Dr. Nora Volkow, director of the National Institute on Drug Abuse, recently stepped forward to help clarify some of the misinformation circling marijuana and cannabidiol. As one of the world’s top experts on the application and misuse of cannabis and research, Volkow believes “what we can say with certainty is that cannabis contains active ingredients with potential therapeutic properties. In fact, the FDA has already approved medicines based on THC for the treatment of wasting syndrome and to control nausea in chemotherapy patients.”
While it may be a surprise to some that the FDA has actually approved products recognizing some of the positive aspects of THC, what shouldn’t come as a surprise is the support behind cannabidiol (CBD).

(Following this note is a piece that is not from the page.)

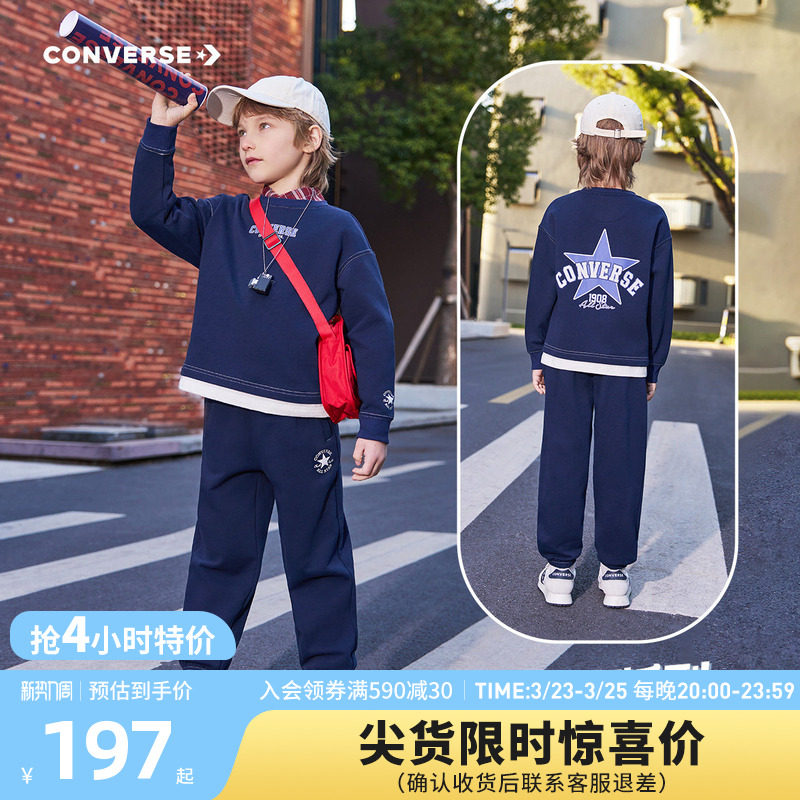 匡威童装男童套装2026春季新款长袖T恤长裤两件套复古英伦风休闲

“There is also a great deal of interest in developing medications based on another constituent of the cannabis plant called cannabidiol” Volkow believes. “CBD, which does not give users the classic ‘high,’ has shown some promise in controlling seizures in children with severe forms of epilepsy (including Dravet and Lennox-Gastaut syndromes), and preliminary trials of a CBD-based drug are underway by GW Pharmaceuticals. There are likely many more applications for these other cannabinoids that are supported by a scientific rationale and some intriguing preliminary results that warrant more research.”
This support comes as encouraging stories continue to make headlines. At Camp Candlelight in Prescott, Arizona, 11 year old Mercedes Gonzalez became the the first child to legally use cannabis oil for treating her epilepsy. Its reported that she began suffering from epilepsy at the early age of 3, but thanks to a high-CBD strain of medical marijuana, the frequency of her seizures reduced so much she was able to attend summer camp for the first time this year.
Over the course of her illness, Mercedes had been given 23 anti-epileptic drugs and even a Vagus Nerve Stimulator — a device similar to a pacemaker that emits pulses of electricity to prevent or stop seizures — but nothing seemed to help her.
“She was a total zombie. She was so drugged out she could not stay awake. There were some that made her hallucinate,” said Yolanda Daniels, Mercedes’ grandmother and legal guardian.
In Perth, Australia, Joelle Neville, mother of an epileptic daughter, suffered from the same trial and errors. It took more than 20 anti-epileptic medications until Neville found hemp cbd oil worked as a treatment for her daughter. Her daughter Ava’s progress prompted her mum to make a submission to the current federal inquiry into medicinal cannabis.
Without treatment, Ava could experience up to 20 seizures a day. Today, thanks to hemp oil, that has been reduced to about two seizures a day. Neville said 10-year-old Ava’s cognitive abilities had doubled since last year and she now reads at a six-year-old level – an achievement that has left her teachers dumbfounded.
“It’s miraculous, really. She’s calm and attentive but she’s certainly not high,” Ms Neville said.
The drug has been life-changing for the family, who previously had lived off five hours of broken sleep each night for the past five years due to Ava’s seizures.
The National Epilepsy Foundation is also supportive of these families who have found this solution to reducing seizures. They are pro-medical marijuana and are asking federal and state governments to reverse their stance on the drug.
Its statement read: “If a patient and their healthcare professionals feel that the potential benefits of medical marijuana for uncontrolled epilepsy outweigh the risks, then families need to have that legal option now — not in five years or 10 years. For people living with severe uncontrolled epilepsy, time is not on their side.”